= Cambridge School (imperial history) =

The Cambridge School of historiography is a school of thought which approaches the study of the British Empire from the imperialist point of view. It emerged especially at the University of Cambridge in the 1960s. John Andrew Gallagher (1919–80) was especially influential, particularly in his article with Ronald Robinson on "The Imperialism of Free Trade".

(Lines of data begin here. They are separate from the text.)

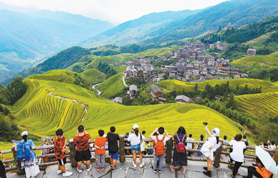 觀賞梯田秋色,體驗民俗風情,廣西桂林市龍勝各族自治縣龍脊梯田景區(qū)旅游持續(xù)火爆。圖為10月3日,游客在景區(qū)觀光游覽。吳生斌攝(影像中國)
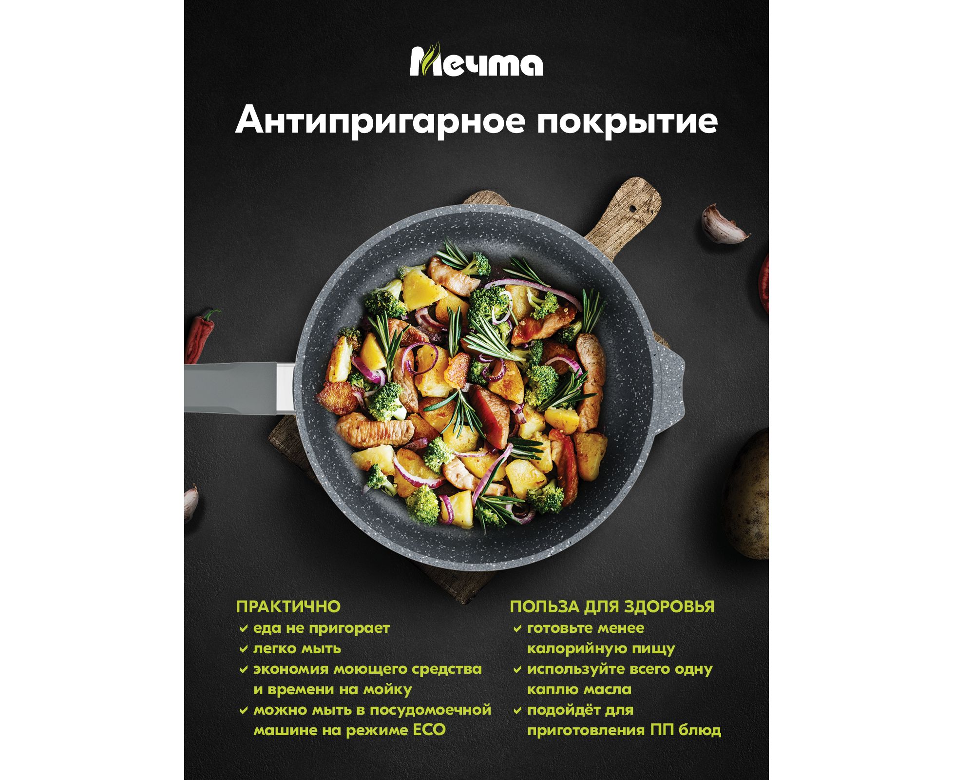Посуда линейки Гранит от торговой марки Мечта подходит для газовых, электрических, стеклокерамических плит, мытья в посудомоечной машине (согласно инструкции по эксплуатации).
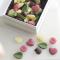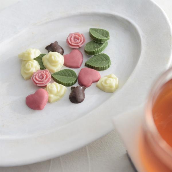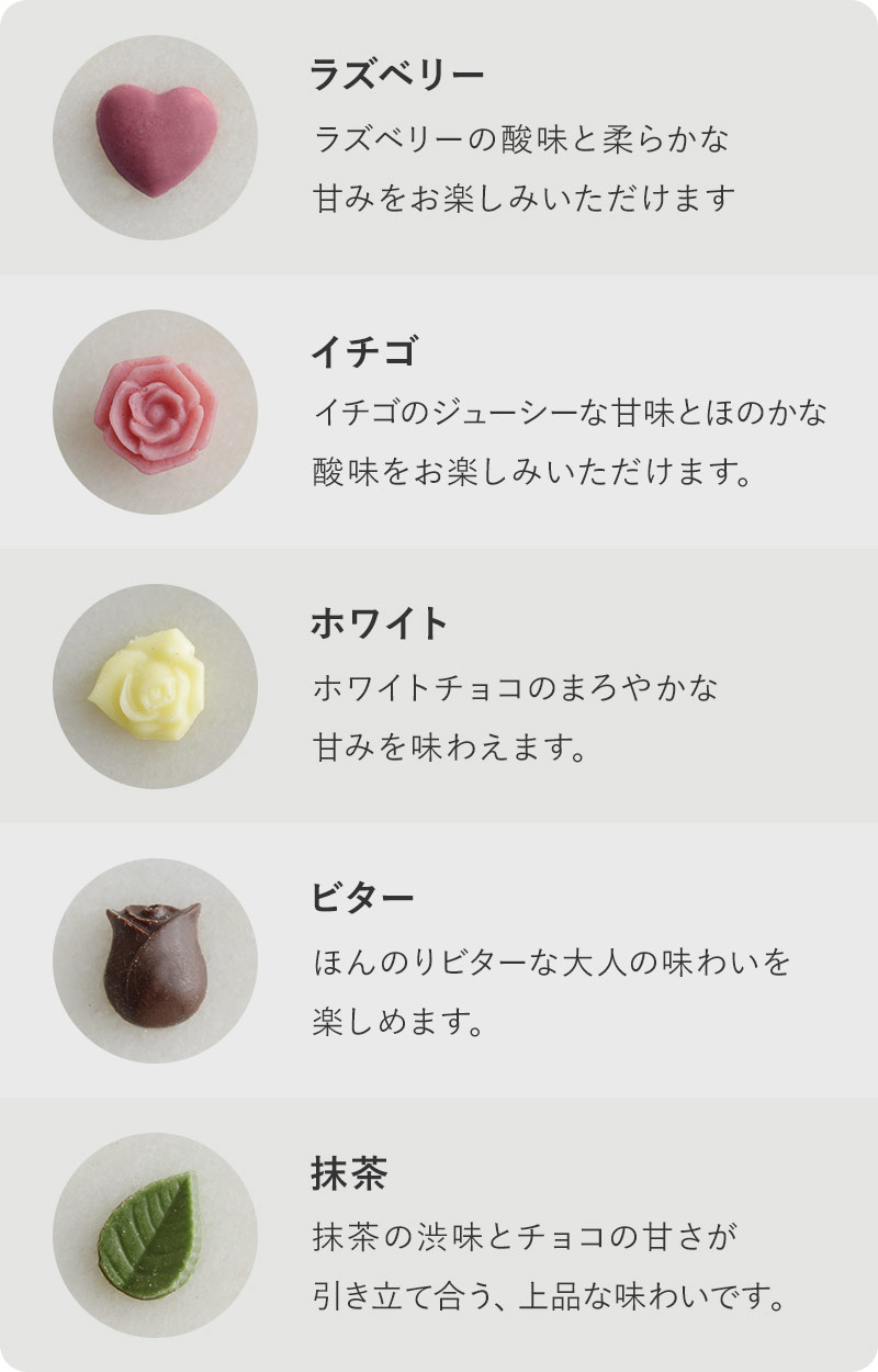 原材料名:チョコレート(砂糖、ココアバター、植物油脂、カカオマス、脱脂粉乳、全粉乳、乳糖)(国内製造)、いちごパウダー、ココアバター、抹茶、ココアパウダー、ラズベリーパウダー/乳化剤、香料、酸化防止剤(V.C)、着色料( アカビート)、(一部に乳成分・大豆を含む)
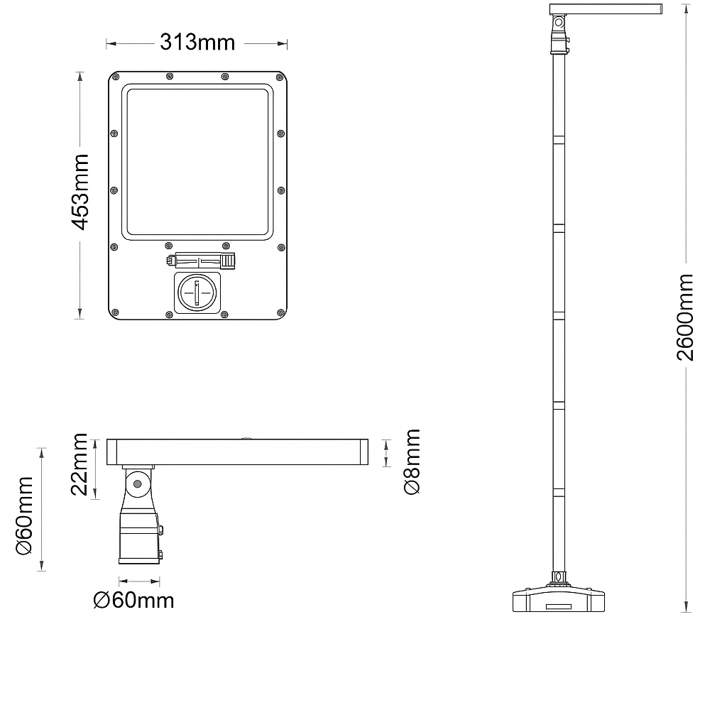 Il sistema di illuminazione è composto da LED SMD5730 ad alta efficienza, per un flusso luminoso complessivo di 2900 lumen e un ampio fascio di emissione di 120°. Il lampione permette di regolare la temperatura di colore tra 3000K (calda), 4000K (neutra) e 6500K (fredda), adattandosi a ogni esigenza ambientale.
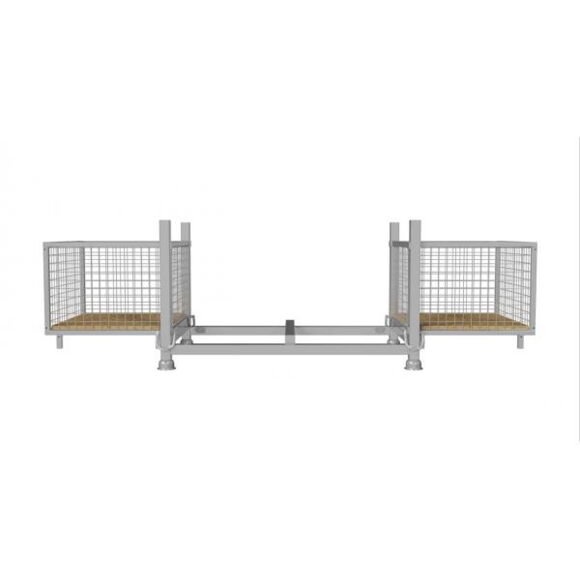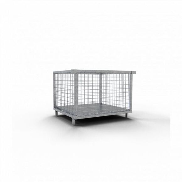 Міцний сталевий контейнер з дерев’яною нижньою вставкою, використовується разом з піддоном каталожний номер 50115, під’єднується до лицьової сторони штабельного піддону без необхідності використання інструментів, автоматично блокується, внутрішні розміри: довжина: 0.70 м, ширина: 0.78 м, висота: 0.53м, оцинкований

Leaders of the School include Anil Seal, Gordon Johnson, Richard Gordon, and David A. Washbrook.

==Selected works==
- Gallagher, John, and Ronald Robinson. "The Imperialism of Free Trade," Economic History Review (August 1953) 6#1 pp 1–15, in JSTOR
- Gallagher, John. The Decline, Revival and Fall of the British Empire (Cambridge, 1982) excerpt and text search
- Anil Seal, The Emergence of Indian Nationalism: Competition and Collaboration in the Later Nineteenth Century (1971)
- Gordon Johnson, Provincial Politics and Indian Nationalism: Bombay and the Indian National Congress 1880–1915 (2005)
- Rosalind O'Hanlon and David Washbrook, eds. Religious Cultures in Early Modern India: New Perspectives (2011)
- Robinson, Ronald, John Gallagher and Alice Denny. Africa and the Victorians: The Official Mind of Imperialism (1978)

==Criticism==
Critics have attacked various ideas of the School. In The New Imperial Histories Reader, Stephen Howe has assembled articles by critics who take aim especially at P. J. Marshall, D. K. Fieldhouse, Robinson and Gallagher, and A. G. Hopkins.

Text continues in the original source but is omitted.